ABSTRACT

The Protohistoric period in the Greater Southwest was a time when native peoples and institutions struggled to hold off an alien cultural system. The incoming Spaniards were ideologically aggressive and superior in political organization and in military and economic power. In addition, they introduced European diseases, powerful, if inadvertent, allies. It was population loss, resulting from disease, that allowed the Jesuits in the early 17th century to conquer the northern and central Sonoran area when Spanish arms had failed to do so in the 16th. The Pueblo region to the north also was ravaged by disease, but this effect seemed to have been delayed.
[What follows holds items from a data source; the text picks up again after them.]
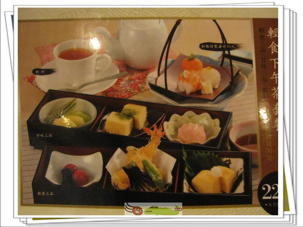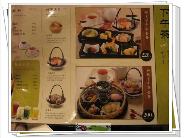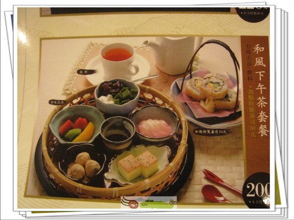 這邊平日下午2點到4點限定的下午茶有兩種,就是「和風下午茶套餐」(200元)和「輕食下午茶套餐」(220元),另外可以加價50元換旁邊三種不同壽司三選一,有「散壽司、手毬壽司和花壽司」可供選擇,飲料如果加30元可以換成果汁或可爾必思。不過因為這邊的下午茶熱紅茶是一壺的,可以慢慢喝,也可以續沖,所以當然要點熱茶啦!XD
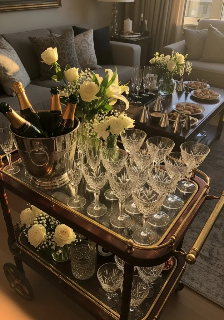 I am such a fan of bar carts at parties. They feel classic and a little indulgent. This one adds elegance while keeping things light and social.
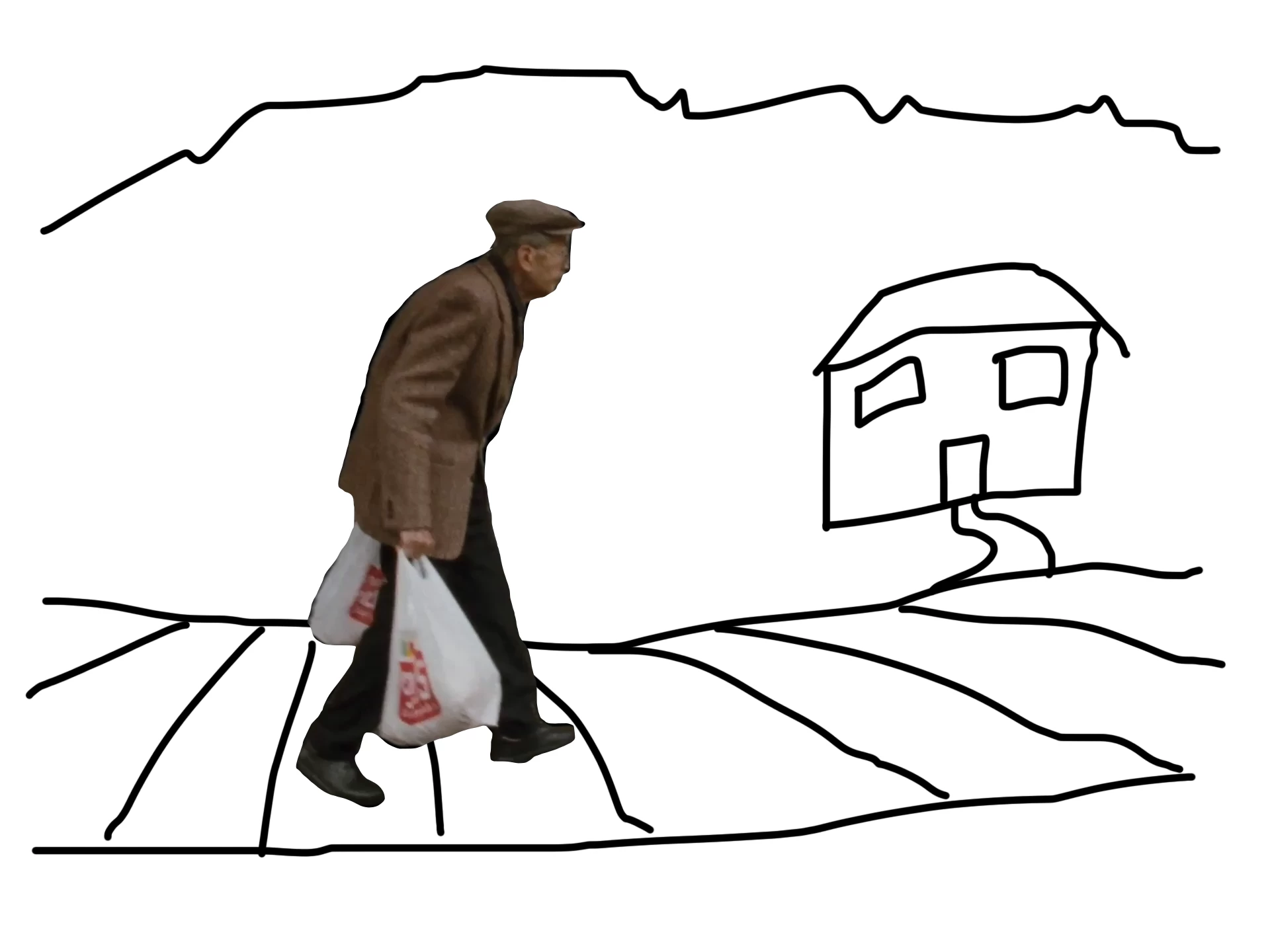 Now I want to bring this rotobrushed walking man into Animate as a series of still frames (I'm aiming to work at 12fps in Animate) and then draw some scenery behind him, frame by frame (in black, with a plain white background). See attached for a rough sample frame.
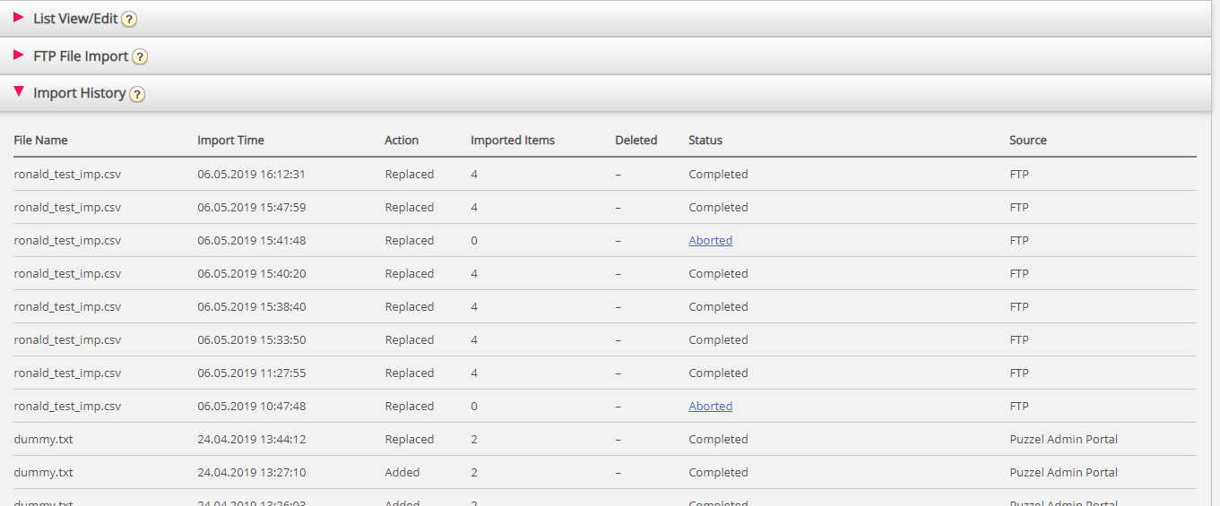 If a file is imported using the Import Wizard or fetched from Puzzel’s FTP server, we will from June 2019 show a record for each import in the new accordion Import History.
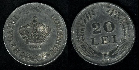From 1942 to 1944, during the second reign of Mihai I, a new 20 lei coin was minted. This coin was comparably lighter and smaller in size, being composed of lighter zinc, with a mass of 6 grams and a diameter of 26 millimeters. The obverse of this coin featured the Steel Crown of Romania, the year of minting, and the legend, "REGATUL ROMANIEI". The reverse displayed the value surrounded by corn, oats, and wheat. A total of about 74.8 million of these coins were minted.[7][9]
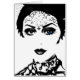 This black and white image of a lady with one blue eye is quite mesmerising. The image has a Gothic feel to it with her Goth make up and what you can make out of her gorgeously designed top. This card would be perfect for a number of occasions from a simple thank you to a happy birthday. The inside has been left blank, but you can customise it to add a typed message to it before ordering.
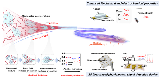 图3 剪切增强杂化技术实现高性能共轭聚合物纤维及纤维有机电化学晶体管制备
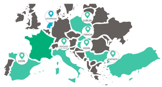 The methodology defined to select the areas to reach an annual positive non-renewable energy balance has been tested in six European cities: Bassano del Grappa (Italy), Kadiköy (Turkey), León (Spain), Lublin (Poland), Trenčín (Slovakia), and Vidin (Bulgaria) (Figure 2) [26].
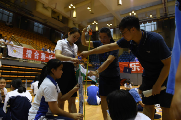 2021年4月2日下午,深圳实验学校中学部第26届科技节头脑奥林匹克运动会如期举办。本届头奥赛包括四个比赛项目:“飞向天空”、“纸桥承重”、“纸牌高塔”和“大力神”。在教务处和科学组老师们的精心策划下,在各组裁判(含师生)的精心组织下,初一、初二两个年级的学生热烈而有序地开展了各项比赛。
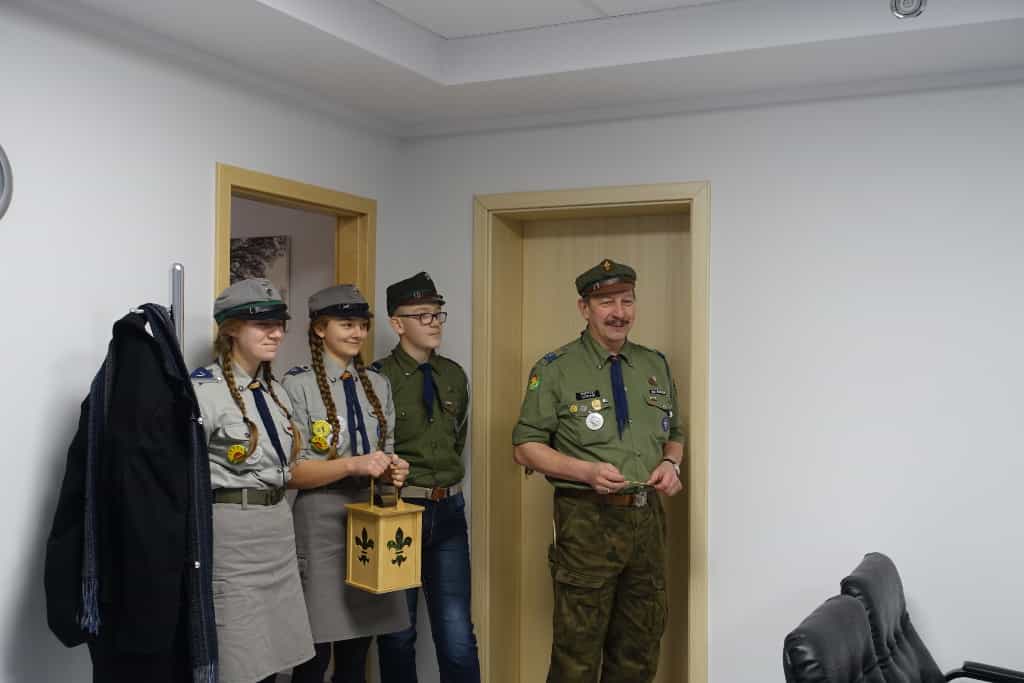 22 grudnia do Urzędu Miasta i Gminy Skoki zawitali harcerze 7SDH „Hyce” z drużynowym harcmistrzem Andrzejem Surdykiem przynosząc – już po raz dwudziesty szósty – burmistrzowi Tadeuszowi Kłosowi oraz radnym Betlejemskie Światełko Pokoju jako symbol ciepła, miłości, pokoju i nadziei.

Whereas the Sonoran Serrana peoples underwent some sort of demographic collapse in the half century between Ibarra (1565) and the first contact of the Jesuits (around 1615), most Pueblos were still functioning reasonably well until the great population slump of the 17th century. We know less about the Desert and Colorado provinces and that of La Junta, but the large populations found by Kino and his fellow Jesuits in the Gila-Salt valleys had presumably been larger still in Coronado's day. The same is likely true for the Lower Colorado Yuman-speaking Indians. In the Colorado River Valley there were vigorous populations very much involved in the Greater Southwest trade network. Unfortunately, not enough systematic archaeology had been done on the Hakataya ancestors of the 16th-century Yuman peoples to make definitive statements as to their influence in the centuries that led up to the Protohistoric period (see Schroeder 1979:106-107). The Jornada Mogollon Indians expanded eastward along the Rio Grande to La Junta de los Rios, establishing themselves by A.D. 1400 at La Junta and in the Redford Valley to the east (Kelley 1952:361). At La Junta, 229however, even by earliest formal contact in 1581, there already had been considerable Spanish influence in the lower Conchos region and population may have been on the decline.